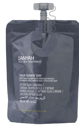
DYP10_30DSAY 30 ml e 1,01 fl.oz

MASCARILLA PARA EL CABELLO enriquecida con aceite de semillas de lino y precursor de vitamina B5
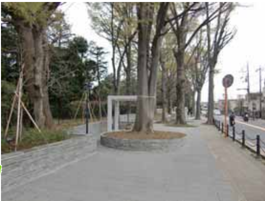
西側：松沢けやき公園
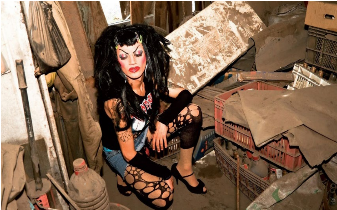
Ilustración 1. Hija de Perra en “El glamour de la basura”. Fotografía de Lorena Ormeño (2009).

El exceso y magnífico derroche de asquerosidades y lujuria presente en los Espectáculos Inmundos 2 son una incitación sensual de lo repugnante, una invitación sucia e inmoral al jubileo del placer y el goce ardiente, una tentación que provoca una tensión constante entre asco y fascinación manteniendo al espectador angustiado en la alternativa del deseo y de la náusea, la atracción y el rechazo, algo que a la vez nos empuja y nos expulsa ante tal revelación de la exuberancia de la vida.
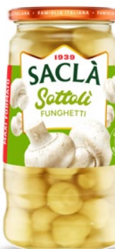
FUNGHETTI MAXI FORMATO
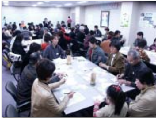
市民に呼びかけ環境を話し合った「かんきょう談話会」の様子

事業所における環境改善委員会の設置促進、事業所における環境学習の推進、事業者の環境まちづくりに取り組む人材育成事業者間ネットワークの構築、事業者も参加するエコマネー制度の導入、ISO取得の支援、低金利で貸し付けるエコバンク 46 の創設、事業者参加の市民会議の設置
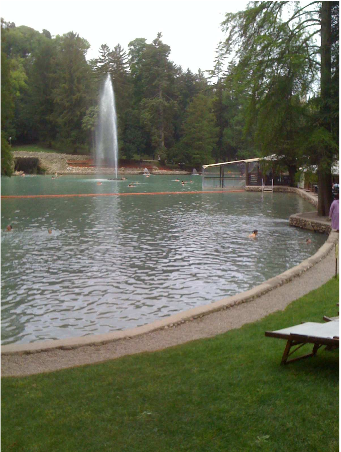
Domenica 2 maggio 2010 Laghetto con acqua 37-39 gradi nel parco termale di Colà
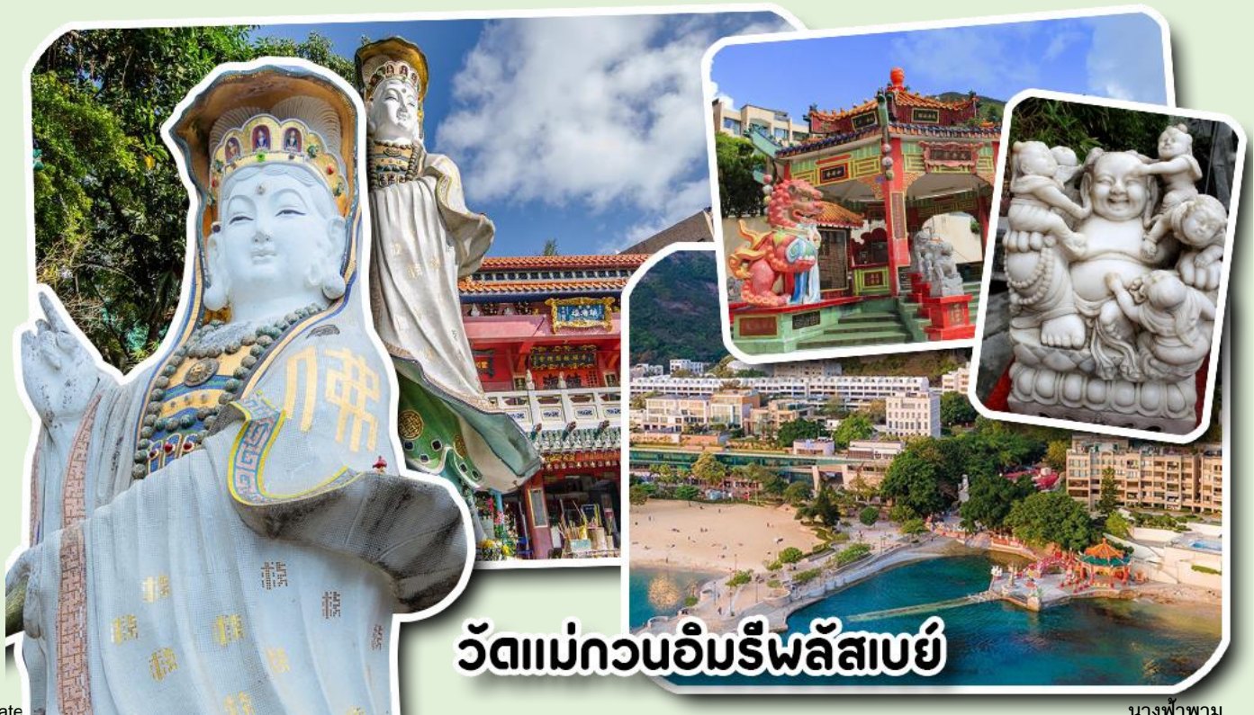
วัดแม่กวนอิมริพลัสเบย์

จากนั้นพาท่านเดินทางไปนมัสการ เจ้าแม่กวนอิมริมหาดริพลัสเบย์ วัดแห่งนี้ถูกสร้างขึ้นเพื่อคุ้มครองชาวประมงเวลาออกเรือไปหาปลาในสมัยก่อน บริเวณวัดมีสิ่งศักดิ์สิทธิ์มากมาย ได้แก่ เจ้าแม่กวนอิม ประดิษฐานอยู่ทางด้านซ้ายของวัด ซึ่งผู้คนนิยมเดินทางไปกราบไหว้ขอพรเรื่องการมีบุตร และยังมีพระสังกัจจายที่เชื่อกันว่าสามารถขอเพศของบุตรที่จะมาเกิดได้ โดยหลังจากกราบไหว้แล้วก็ให้ลูบที่ท้องของพระสังกัจจาย ถ้าอยากได้ลูกชายให้ลูบท้องซ้าย อยากได้ลูกสาวให้ลูบท้องขวา ถัดมาคือ เจ้าแม่ทับทิมเทพีแห่งท้องทะเล ท่านจะคอยคุ้มครองผู้เดินทางทางเรือ หรือผู้ที่เดินทางไปไหนมาไหนท่านจะคอยคุ้มครองให้ปลอดภัย และมีโชคลาก ถัดจากบริเวณที่กราบไหว้ขอพร ก็จะมีศาลาแปดเหลี่ยมริมน้ำ และสะพานเล็กๆ ที่ชื่อว่าสะพานต่ออายุ ซึ่งเชื่อกันว่าหากเดินข้ามสะพานแห่งนี้ 1 ครั้ง ก็จะมีอายุยืนขึ้น 3 ปี

### Task directions
For this exercise, transcribe exactly the part of the records above that opens with the line containing "市民に呼びかけ環境を話し合った「かんきょう談話会」の様子" and closes with the one containing "วัดแม่กวนอิมริพลัสเบย์". Pictures are not part of the copy.

### Exercise solution
市民に呼びかけ環境を話し合った「かんきょう談話会」の様子

事業所における環境改善委員会の設置促進、事業所における環境学習の推進、事業者の環境まちづくりに取り組む人材育成事業者間ネットワークの構築、事業者も参加するエコマネー制度の導入、ISO取得の支援、低金利で貸し付けるエコバンク 46 の創設、事業者参加の市民会議の設置
Domenica 2 maggio 2010 Laghetto con acqua 37-39 gradi nel parco termale di Colà
วัดแม่กวนอิมริพลัสเบย์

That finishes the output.